I know it isn’t quite what you had in mind, but it may shed a crumb of info for you.

[/b]

I get 120 with VBO, 20 without - however that source is not using ARB_VERTEX_PROGRAM and it is not using generic vertex attributes.

Im reasonably sure a GFFX5200Ultra has hardare ARB_VERTEX_PROGRAM support, so it shouldnt be agp transfer screwing things up here…

mtm

[This message has been edited by tweakoz (edited 11-03-2003).]

In my own experience Radeons
are beating GeforceFX using
VBO with separate static
arrays, running 3.8 against 52.16.

I put all my data into VBO memory
and just call draw elements with
buffer offsets. The speed up over
system resident arrays is huge
on the Radeons (500%), and much
smaller with the GeforceFX (~100%).

Two figures I can find at the
moment ( I’ve a lot more but
they are on my other PC).
GeforceFX 5600 - 25.2 MTri/s
Radeon 9800 Pro - 183 MTri/s
5900 is ~ 60 MTri/s IIRC.
Those figures are from
high spec 3GHz+ P4s
running XP Pro.

To the best of my knowledge
I’m not doing anything daft,
as I’ve followed the spec
closely, and tried to account
for all other variations.

VBO appears to work well
on ATI, but need fixes
or optimisations on Nvidia.

Ok I just ran the program again without changing anything and it goes from 71 to 135 fps. Strange how VBO all of a sudden makes a difference when a while ago it didn’t. Still though, this seems like it should be faster.

-SirKnight

I ‘hacked’ in VBO based indices and edited the orginal post with the new code. This did not get me any FPS back ;<

mtm

I should also add, with my 44FPS vs 8FPS(VBO) benchmark everything is batched reasonably. I would estimate 7 tristripped batches per frame with about 3200 indices per batch.

mtm

First: Run VTune (or another sampling profiler) on your system while the program is running, both with VBO and without it. You’ll probably find a BIG spike somewhere in the VBO case. This is where you’re spending all your time. Look at the code (may need disassembling) – what is it trying to do? Packing/unpacking values? Copying data? Calculating min/max? Whatever it’s doing, figure out what part of the OpenGL API woudl need that performed, and make it not necessary by adjusting how you call it.

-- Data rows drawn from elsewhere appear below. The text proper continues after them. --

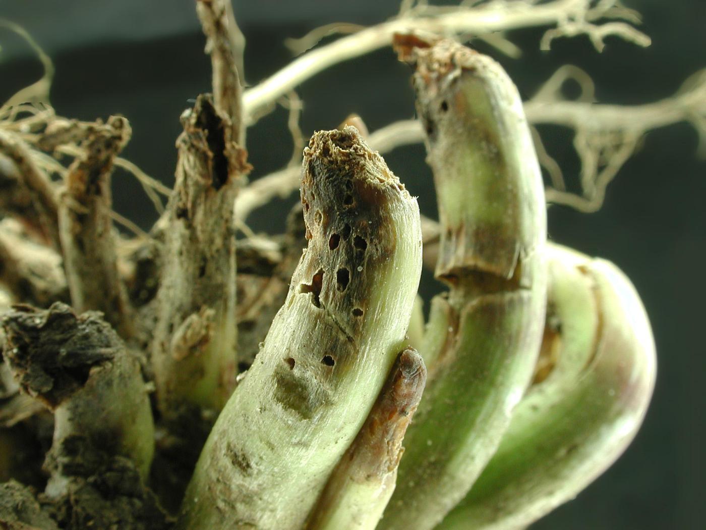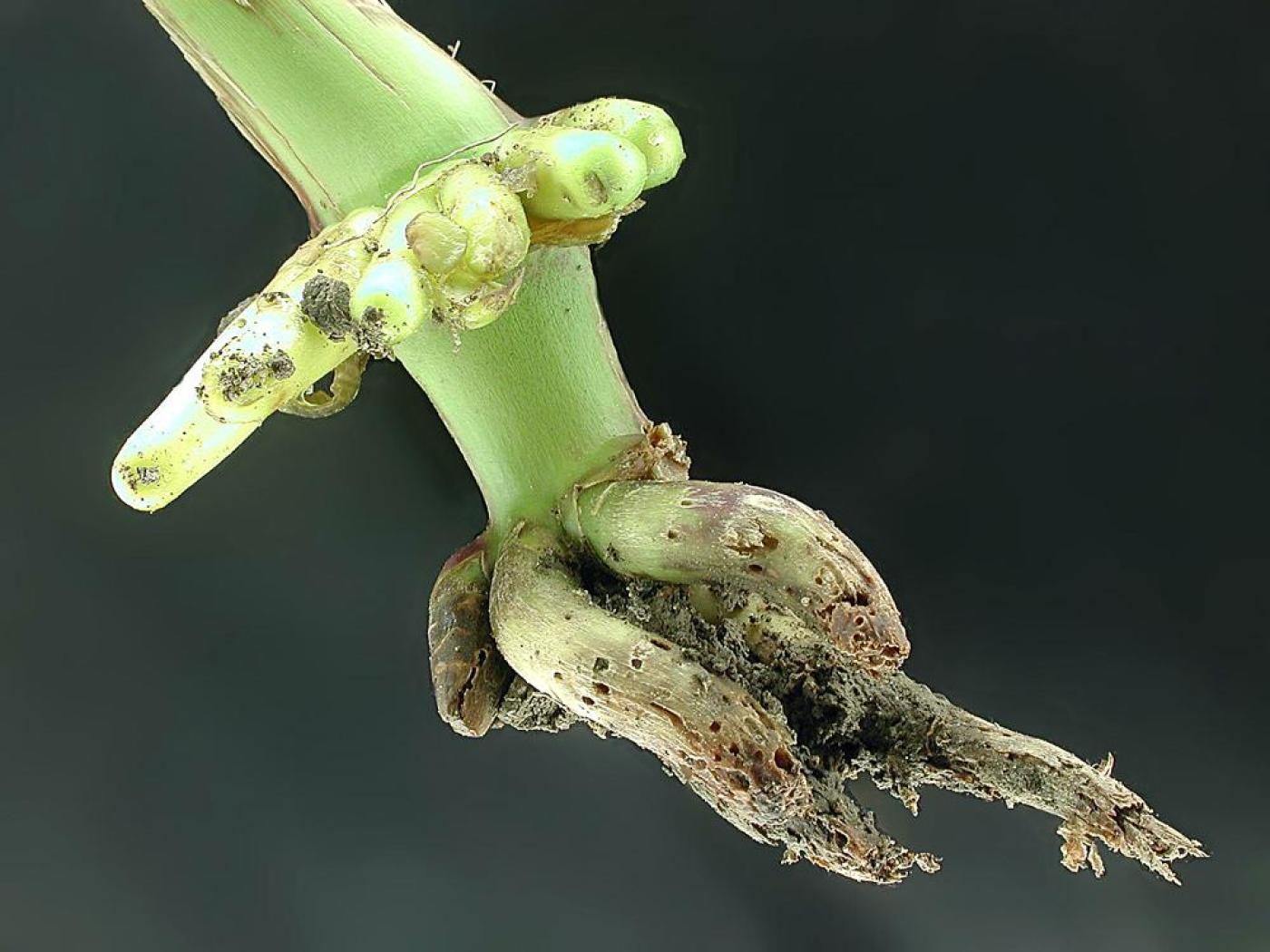 Racines d'ancrage de maïs présentant des trous causés par des chrysomèles des racines : les larves se nourrissent presque exclusivement de racines de maïs. Les jeunes larves grignotent les radicelles alors que les larves plus âgées creusent des galeries dans les racines d'ancrages. Les plants endommagés sont alors susceptibles de pencher ou de verser. Certains plants prennent alors la forme d'un col de cygne lorsqu'ils se courbent vers le haut dans un effort pour se redresser. Les larves trans…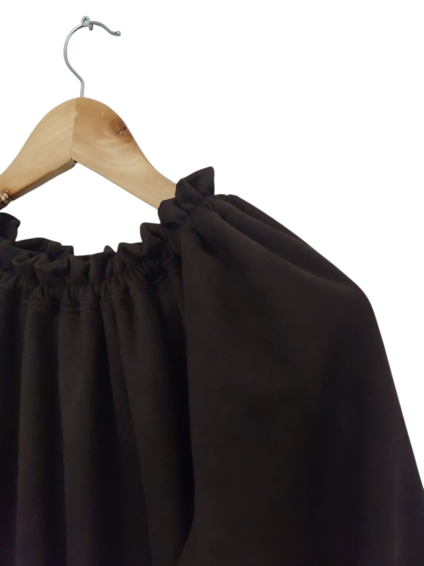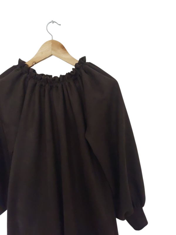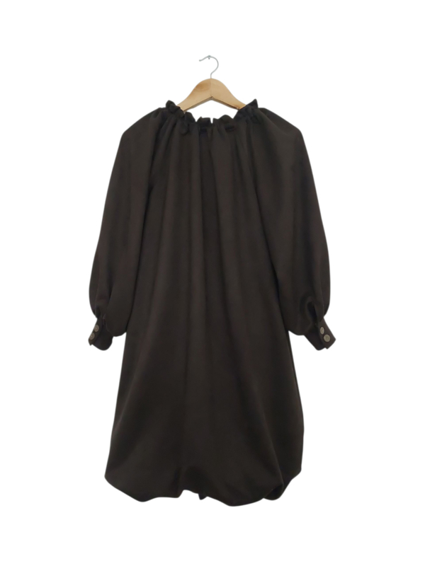 OverzichtJurk Dinthe 2 de wintervariant van de ballonjurk in een prachtige diep donkerbruine suede. De lange mouw met manchetten en knopen kan ook gemaakt in een lange ballonmouw zoals de zomervariant.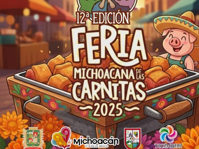 Morelia, Michoacán, 12 de noviembre de 2025.- La Feria Michoacana de las Carnitas de Tacámbaro llega este año a su edición número 12, la cual se realizará del 14 al 17 de noviembre en su plaza principal “Benito Juárez”, informó la Secretaría de Turismo de Michoacán (Sectur), dependencia dirigida por Roberto Monroy García.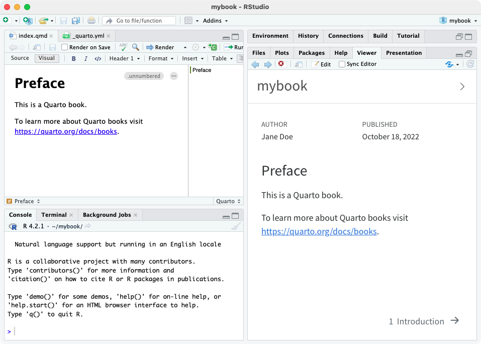 Above we demonstrated how to create and edit a simple book with chapters contained in the files index.qmd
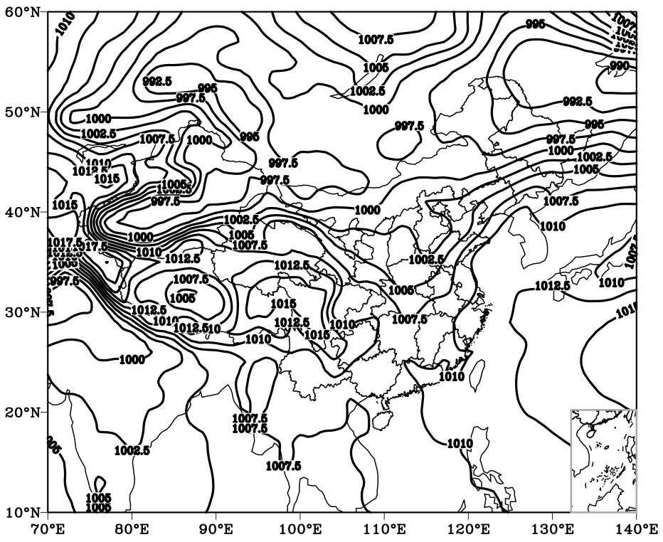 (1) 由美国国家环境预测中心(NCEP)提供的再分析数据集(NCEP FNL Operational Global Analysis data,下载地址:https://rda.ucar.edu/datasets/d083002/dataaccess/#),该数据时间分辨率为6小时,空间分辨率为1˚ × 1˚。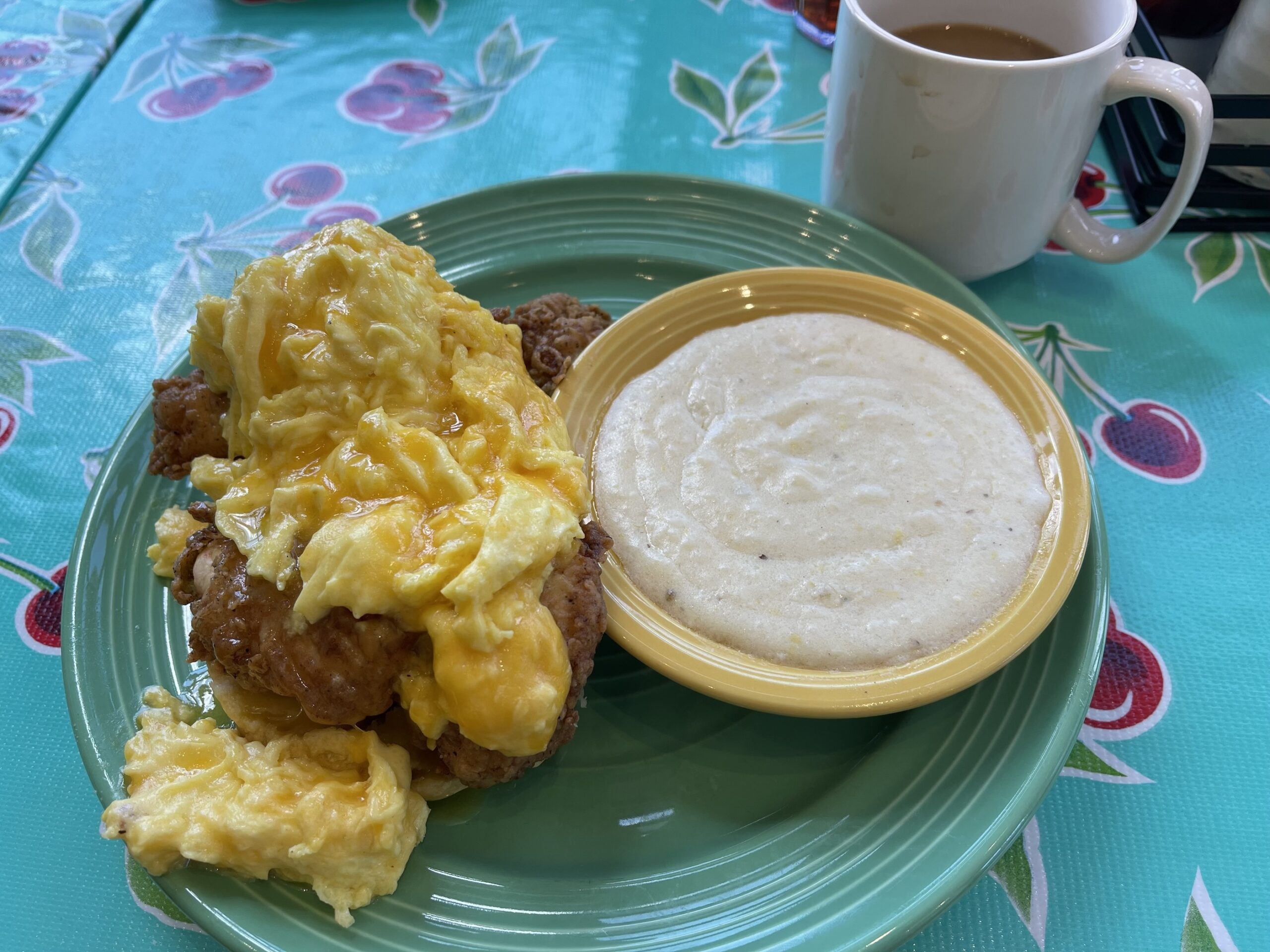 You may also be interested to know that the grits were cheesy, delicious, and sweet; the ingredients they use are from scratch and homemade; and they offer multiple Vegetarian and Vegan options.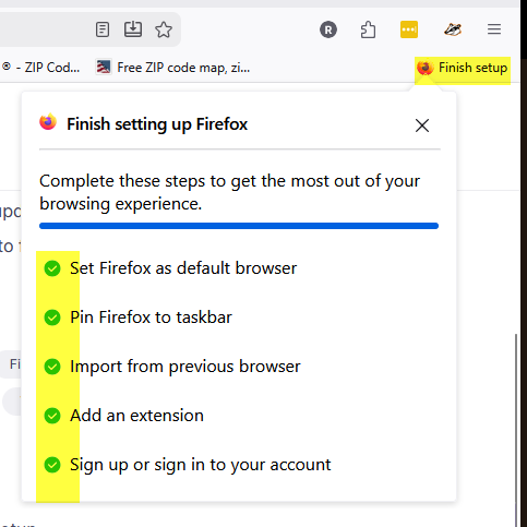 Why does Firefox still show "Finish Setup" in the upper right corner when I have already finished the setup?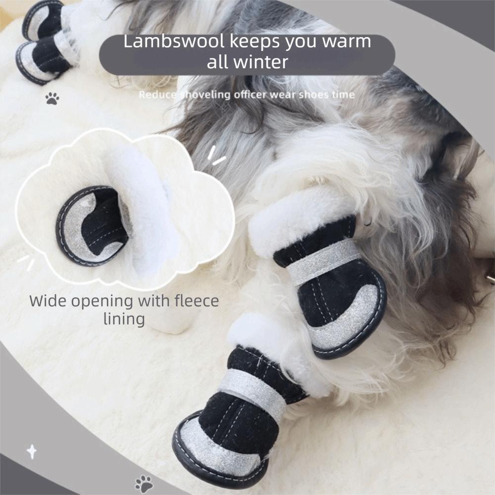4Pcs/Set Waterproof Winter Dog Shoes Thickened Warm Anti-slip Dog Shoes Adjustable Velvet Pet Snow Boots Outdoor Indoor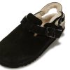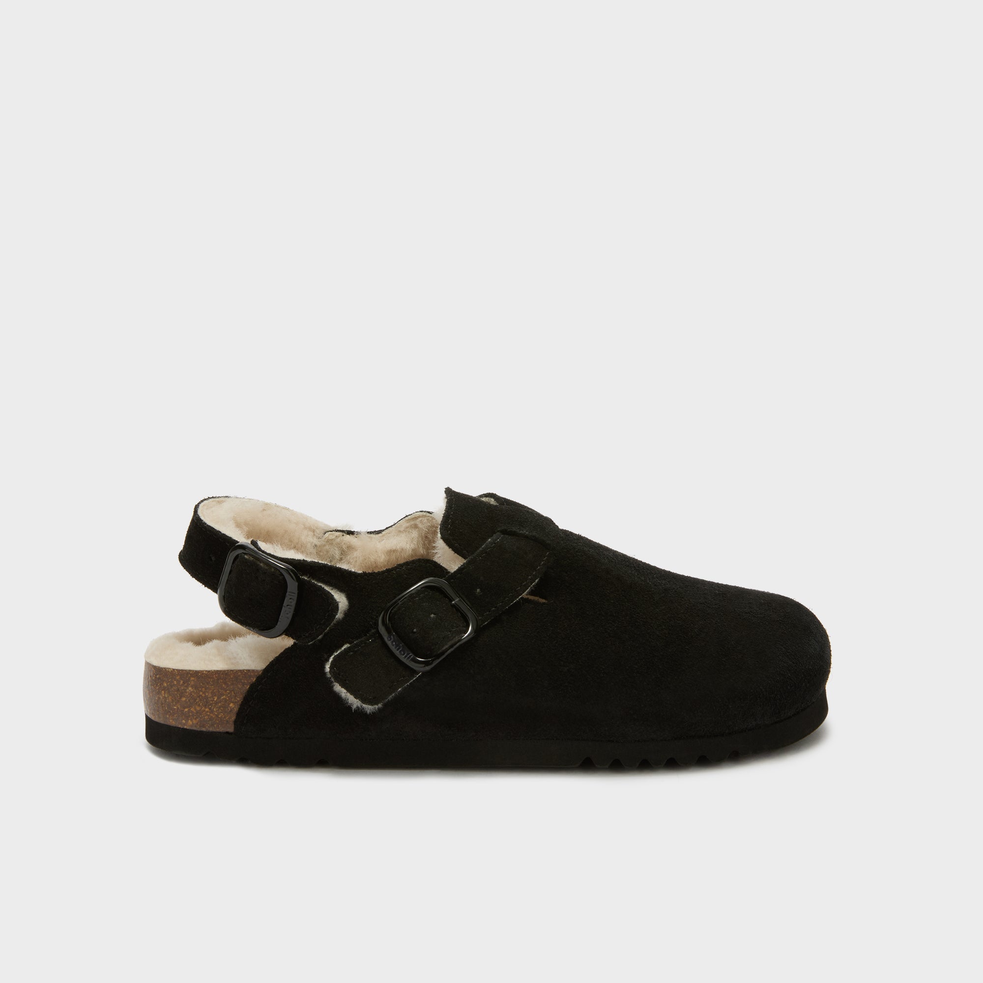 Featuring a modern design, these mules are perfect for those looking to make a bold statement with their footwear. Crafted with a premium suede upper and lined with soft faux fur, they offer both standout style and cozy warmth. The addition of a practical backstrap ensures a secure fit, while the adjustable buckle, lightweight construction, and flexible sole provide all-day comfort.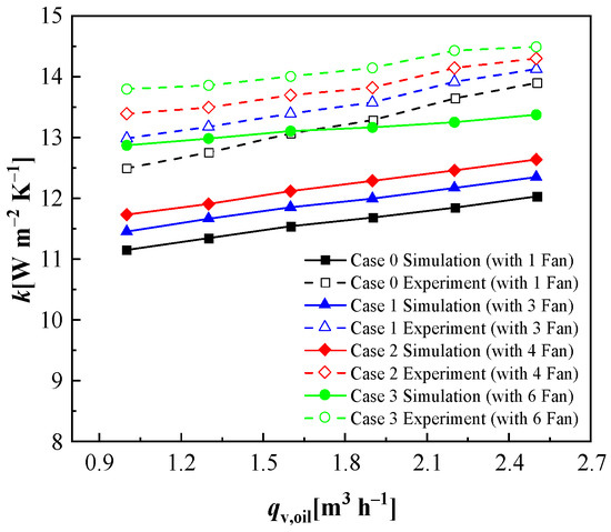 k) of the panel-type radiator under different inlet oil flow rates in Cases 0–3 is given. In this figure, the experimental results consistently exceed the numerical simulation results for the same operating conditions. This discrepancy can be attributed, on the one hand, to the simplification in the numerical simulation, where the radiator fins with multiple oil flow channels are modeled as thin rectangular solids, failing to fully capture the detailed flow and heat transfer characteristics inside and outside the fins. On the other hand, a steady-state numerical model for simulating the fan flow is used in this study; it also introduces some computational deviation. Overall, the maximum relative deviation (

For example, if it’s un-packing, say, signed bytes to floating-point (and this is just as a wild example), and you’re passing normals in as signed bytes, then you can draw the conclusion that this is not a supported data format, and you’re better off passing normals as float.

Second issue: if you get the “VPU Recover” alerts, then it’s very likely that your motherboard, memory bus, or AGP bus is not quite up to spec, and there’s either a chipset bug, or a signal quality problem. Raising voltages a little bit may help if it’s the latter; if it’s the former, get a better mobo

Originally posted by jwatte:

Second issue: if you get the “VPU Recover” alerts, then it’s very likely that your motherboard, memory bus, or AGP bus is not quite up to spec, and there’s either a chipset bug, or a signal quality problem. Raising voltages a little bit may help if it’s the latter; if it’s the former, get a better mobo

Well, that could be, then again, I think it is driver bugs, or very picky timing for cat drivers, since those same programs I tried work just fine with my old GF2 card.

Just curious what is a ‘better’ mobo? I mean, what do you consider good?

According to the small demo:
60 FPS without VBO
150 FPS with VBO

FX5600(52.16 - slightly overclocked ), Athlon XP 1800+(now reborn as 2000+), nForce2, AGP 8X, fast writes enabled, sideband adressing disabled

Originally posted by tweakoz:
[b]why is the following code so slow on a NVidia Geforce FX 5200 Ultra ?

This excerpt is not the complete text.